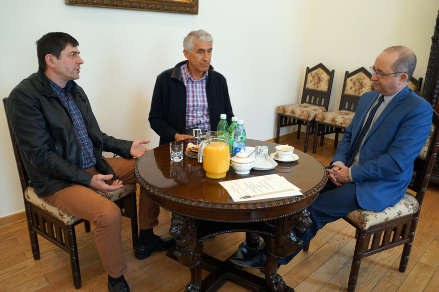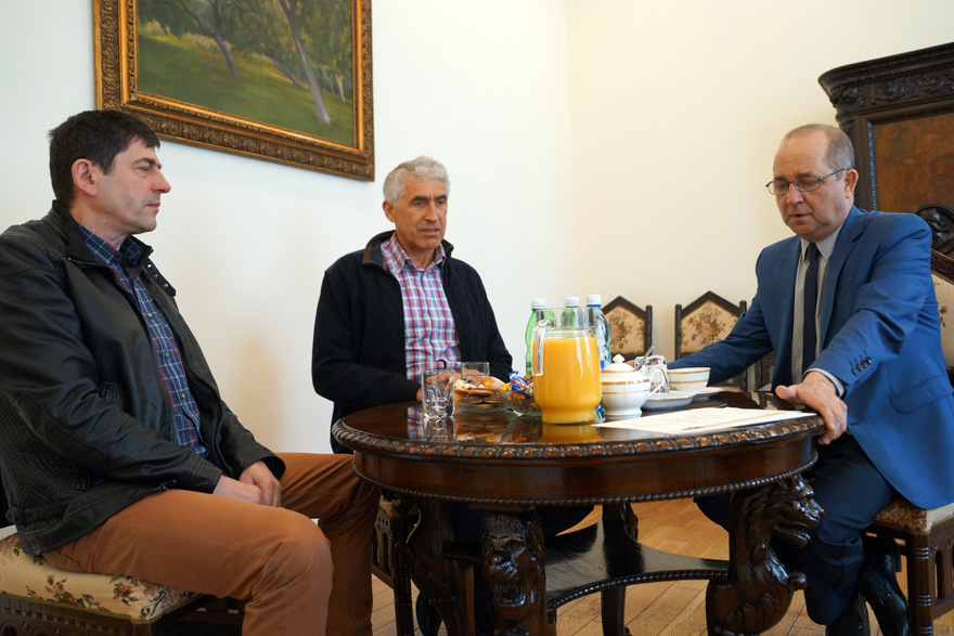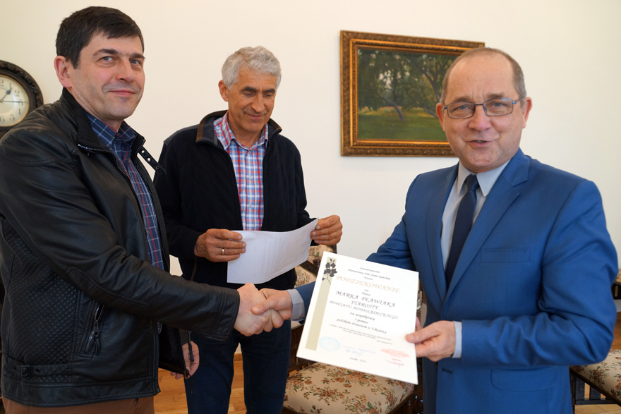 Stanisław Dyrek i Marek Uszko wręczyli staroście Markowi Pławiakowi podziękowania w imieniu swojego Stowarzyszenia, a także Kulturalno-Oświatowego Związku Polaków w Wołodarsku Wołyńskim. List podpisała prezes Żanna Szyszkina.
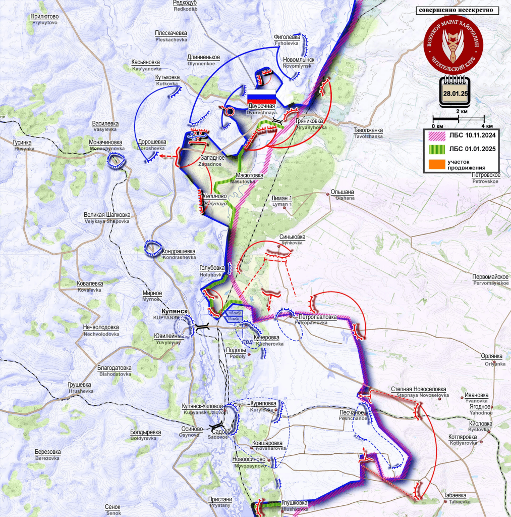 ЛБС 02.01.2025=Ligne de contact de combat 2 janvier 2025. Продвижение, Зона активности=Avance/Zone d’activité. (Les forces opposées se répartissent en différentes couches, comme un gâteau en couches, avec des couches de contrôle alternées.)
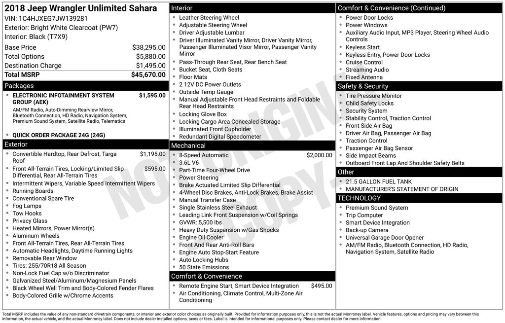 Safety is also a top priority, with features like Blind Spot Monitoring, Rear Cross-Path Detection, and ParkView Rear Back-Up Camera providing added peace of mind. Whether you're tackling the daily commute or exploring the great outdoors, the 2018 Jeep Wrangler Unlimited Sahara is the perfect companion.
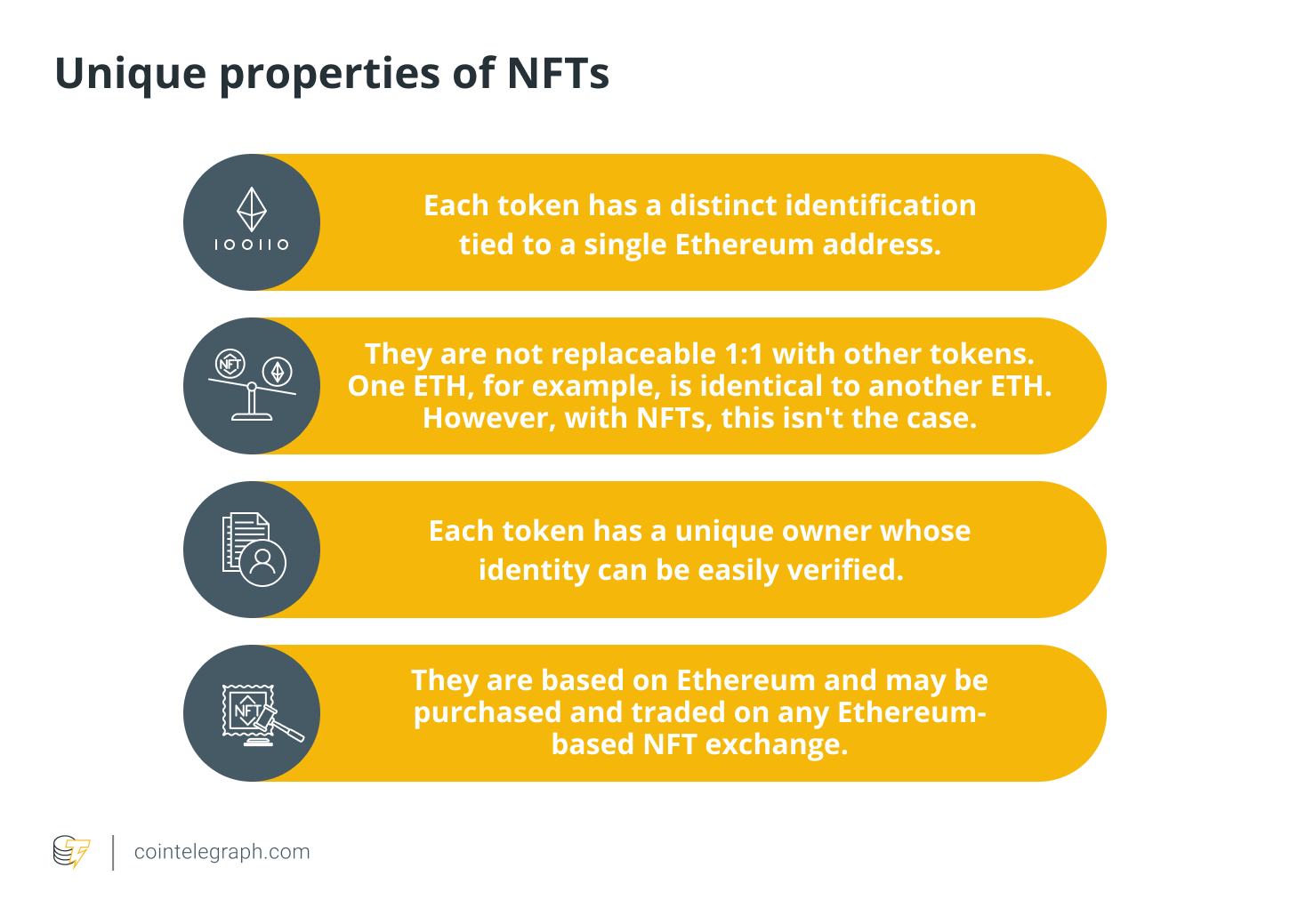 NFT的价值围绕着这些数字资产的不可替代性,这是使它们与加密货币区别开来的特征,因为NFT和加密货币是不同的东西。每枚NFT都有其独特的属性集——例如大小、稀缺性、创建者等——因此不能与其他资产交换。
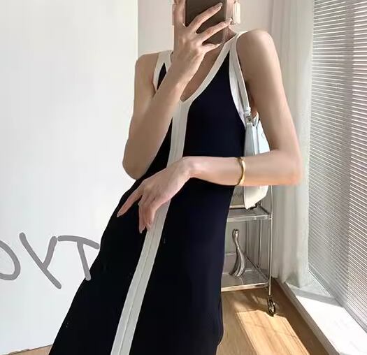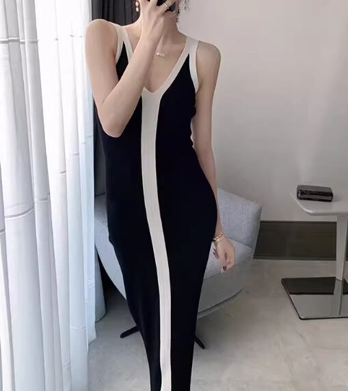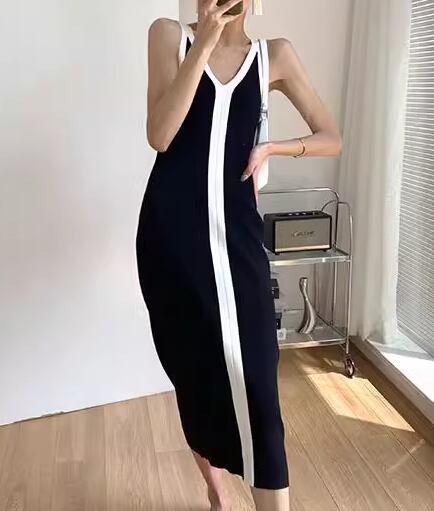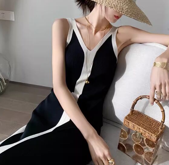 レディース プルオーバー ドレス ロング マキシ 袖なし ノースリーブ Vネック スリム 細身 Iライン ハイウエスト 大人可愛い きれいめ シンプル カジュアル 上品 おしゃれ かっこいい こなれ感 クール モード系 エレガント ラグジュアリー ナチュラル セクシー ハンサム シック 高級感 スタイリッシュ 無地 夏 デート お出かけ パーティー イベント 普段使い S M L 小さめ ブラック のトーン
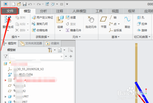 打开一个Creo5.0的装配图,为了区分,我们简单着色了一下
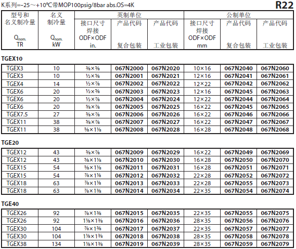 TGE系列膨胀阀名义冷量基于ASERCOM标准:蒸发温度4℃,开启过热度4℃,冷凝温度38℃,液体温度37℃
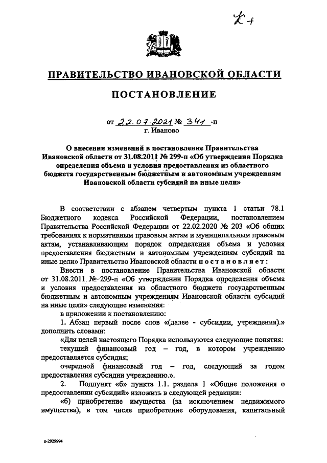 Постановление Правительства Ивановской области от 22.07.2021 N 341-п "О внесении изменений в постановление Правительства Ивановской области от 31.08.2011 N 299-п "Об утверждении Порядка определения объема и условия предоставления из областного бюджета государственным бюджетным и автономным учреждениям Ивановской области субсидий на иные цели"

************

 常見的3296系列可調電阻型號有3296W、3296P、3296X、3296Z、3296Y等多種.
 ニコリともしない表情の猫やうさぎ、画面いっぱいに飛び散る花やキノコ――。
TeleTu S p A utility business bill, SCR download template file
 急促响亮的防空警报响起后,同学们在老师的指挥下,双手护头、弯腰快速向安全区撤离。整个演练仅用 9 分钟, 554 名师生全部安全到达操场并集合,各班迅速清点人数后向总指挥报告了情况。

************

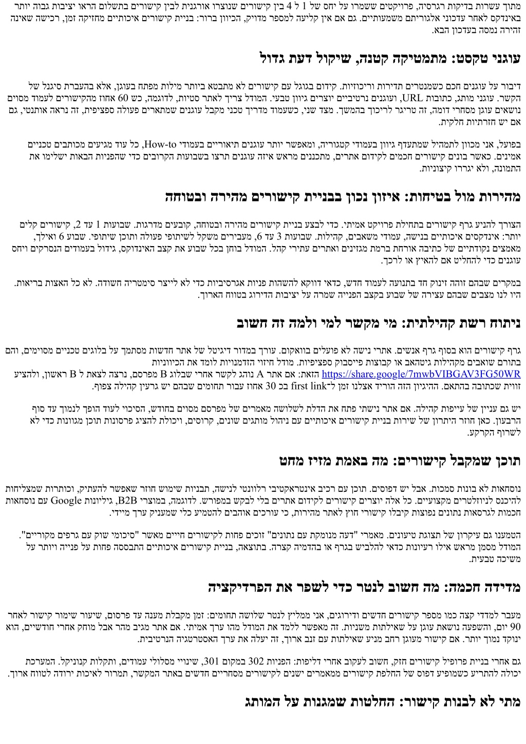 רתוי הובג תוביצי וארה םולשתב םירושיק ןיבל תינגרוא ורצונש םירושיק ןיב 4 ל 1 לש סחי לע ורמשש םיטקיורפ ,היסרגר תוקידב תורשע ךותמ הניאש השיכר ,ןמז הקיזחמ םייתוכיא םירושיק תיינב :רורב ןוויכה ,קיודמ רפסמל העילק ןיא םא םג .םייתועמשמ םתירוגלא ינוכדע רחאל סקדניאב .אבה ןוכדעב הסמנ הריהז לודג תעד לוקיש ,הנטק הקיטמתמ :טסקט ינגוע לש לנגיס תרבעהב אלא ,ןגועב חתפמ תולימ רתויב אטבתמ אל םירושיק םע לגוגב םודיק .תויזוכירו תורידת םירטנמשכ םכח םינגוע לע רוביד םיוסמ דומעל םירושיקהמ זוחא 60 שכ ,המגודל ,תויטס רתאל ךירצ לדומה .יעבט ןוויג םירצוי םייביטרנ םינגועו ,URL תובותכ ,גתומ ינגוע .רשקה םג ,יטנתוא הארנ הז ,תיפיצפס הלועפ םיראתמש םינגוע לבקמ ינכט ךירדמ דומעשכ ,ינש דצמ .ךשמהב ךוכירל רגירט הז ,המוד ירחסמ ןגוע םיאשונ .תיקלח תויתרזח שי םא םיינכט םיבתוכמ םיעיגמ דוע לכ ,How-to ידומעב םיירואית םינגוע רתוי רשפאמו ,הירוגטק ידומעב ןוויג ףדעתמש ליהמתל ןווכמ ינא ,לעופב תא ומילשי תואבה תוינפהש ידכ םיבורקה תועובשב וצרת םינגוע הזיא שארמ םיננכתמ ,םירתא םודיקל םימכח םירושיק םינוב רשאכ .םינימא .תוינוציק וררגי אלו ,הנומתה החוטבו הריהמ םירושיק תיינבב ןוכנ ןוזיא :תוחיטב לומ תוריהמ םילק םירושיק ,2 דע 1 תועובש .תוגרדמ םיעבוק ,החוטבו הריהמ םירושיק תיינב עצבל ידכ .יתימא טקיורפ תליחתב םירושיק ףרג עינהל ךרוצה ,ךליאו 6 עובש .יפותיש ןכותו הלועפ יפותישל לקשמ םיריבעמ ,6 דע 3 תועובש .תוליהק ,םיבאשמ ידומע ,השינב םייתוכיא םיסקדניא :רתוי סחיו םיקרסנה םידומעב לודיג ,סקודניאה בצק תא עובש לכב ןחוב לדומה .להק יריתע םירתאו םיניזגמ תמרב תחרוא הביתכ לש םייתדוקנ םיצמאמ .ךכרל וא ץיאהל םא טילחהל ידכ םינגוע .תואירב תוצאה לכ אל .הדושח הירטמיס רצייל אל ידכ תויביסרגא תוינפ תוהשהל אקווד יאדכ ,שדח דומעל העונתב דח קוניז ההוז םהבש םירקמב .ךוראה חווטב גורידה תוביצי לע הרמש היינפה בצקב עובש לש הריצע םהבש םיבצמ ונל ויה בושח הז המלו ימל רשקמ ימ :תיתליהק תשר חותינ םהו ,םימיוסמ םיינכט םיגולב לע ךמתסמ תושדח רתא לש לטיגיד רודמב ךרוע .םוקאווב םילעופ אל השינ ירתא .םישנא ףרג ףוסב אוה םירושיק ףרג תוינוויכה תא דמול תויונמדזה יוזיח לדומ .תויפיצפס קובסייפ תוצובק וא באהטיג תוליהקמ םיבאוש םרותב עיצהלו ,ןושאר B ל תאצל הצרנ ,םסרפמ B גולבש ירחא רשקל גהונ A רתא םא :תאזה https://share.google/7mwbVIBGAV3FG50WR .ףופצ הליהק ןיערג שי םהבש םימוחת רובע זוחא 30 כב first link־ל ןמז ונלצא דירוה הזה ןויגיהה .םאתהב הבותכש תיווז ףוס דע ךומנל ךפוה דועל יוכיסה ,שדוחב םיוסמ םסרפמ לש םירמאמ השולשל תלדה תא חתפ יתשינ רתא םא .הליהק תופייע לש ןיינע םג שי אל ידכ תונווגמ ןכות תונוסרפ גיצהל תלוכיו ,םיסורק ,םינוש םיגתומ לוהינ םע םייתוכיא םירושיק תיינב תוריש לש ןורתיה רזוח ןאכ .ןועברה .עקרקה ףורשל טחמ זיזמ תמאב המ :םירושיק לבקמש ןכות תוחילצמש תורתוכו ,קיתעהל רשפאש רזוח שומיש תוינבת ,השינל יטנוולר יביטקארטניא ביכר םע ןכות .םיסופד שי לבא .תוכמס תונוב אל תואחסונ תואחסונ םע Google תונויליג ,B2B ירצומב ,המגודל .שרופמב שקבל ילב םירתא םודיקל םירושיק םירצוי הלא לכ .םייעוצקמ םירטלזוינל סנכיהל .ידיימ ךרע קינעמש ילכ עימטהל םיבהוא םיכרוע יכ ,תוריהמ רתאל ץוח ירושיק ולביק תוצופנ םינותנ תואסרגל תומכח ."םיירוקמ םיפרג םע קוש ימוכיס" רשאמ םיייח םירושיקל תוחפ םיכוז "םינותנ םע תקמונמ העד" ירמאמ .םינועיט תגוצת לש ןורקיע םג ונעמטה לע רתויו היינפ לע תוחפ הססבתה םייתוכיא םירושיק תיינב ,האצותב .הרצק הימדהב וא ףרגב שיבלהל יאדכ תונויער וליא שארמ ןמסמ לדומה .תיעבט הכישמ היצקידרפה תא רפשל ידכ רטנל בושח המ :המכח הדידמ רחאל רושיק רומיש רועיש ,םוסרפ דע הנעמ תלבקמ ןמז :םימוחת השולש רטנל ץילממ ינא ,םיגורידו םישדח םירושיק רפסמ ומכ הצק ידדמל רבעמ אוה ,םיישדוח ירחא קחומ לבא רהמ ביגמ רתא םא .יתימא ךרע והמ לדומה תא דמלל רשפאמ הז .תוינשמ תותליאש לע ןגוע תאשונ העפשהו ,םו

************

= PROBLEM TO WORK ON =
Each line above that falls between the line with "Safety is also" and the line with "TGE系列膨胀阀名义冷量基于" should be printed exactly, together with those two lines, but the pictures should not.

= SOLUTION FOR THIS EXERCISE =
 Safety is also a top priority, with features like Blind Spot Monitoring, Rear Cross-Path Detection, and ParkView Rear Back-Up Camera providing added peace of mind. Whether you're tackling the daily commute or exploring the great outdoors, the 2018 Jeep Wrangler Unlimited Sahara is the perfect companion.
 NFT的价值围绕着这些数字资产的不可替代性,这是使它们与加密货币区别开来的特征,因为NFT和加密货币是不同的东西。每枚NFT都有其独特的属性集——例如大小、稀缺性、创建者等——因此不能与其他资产交换。
 レディース プルオーバー ドレス ロング マキシ 袖なし ノースリーブ Vネック スリム 細身 Iライン ハイウエスト 大人可愛い きれいめ シンプル カジュアル 上品 おしゃれ かっこいい こなれ感 クール モード系 エレガント ラグジュアリー ナチュラル セクシー ハンサム シック 高級感 スタイリッシュ 無地 夏 デート お出かけ パーティー イベント 普段使い S M L 小さめ ブラック のトーン
 打开一个Creo5.0的装配图,为了区分,我们简单着色了一下
 TGE系列膨胀阀名义冷量基于ASERCOM标准:蒸发温度4℃,开启过热度4℃,冷凝温度38℃,液体温度37℃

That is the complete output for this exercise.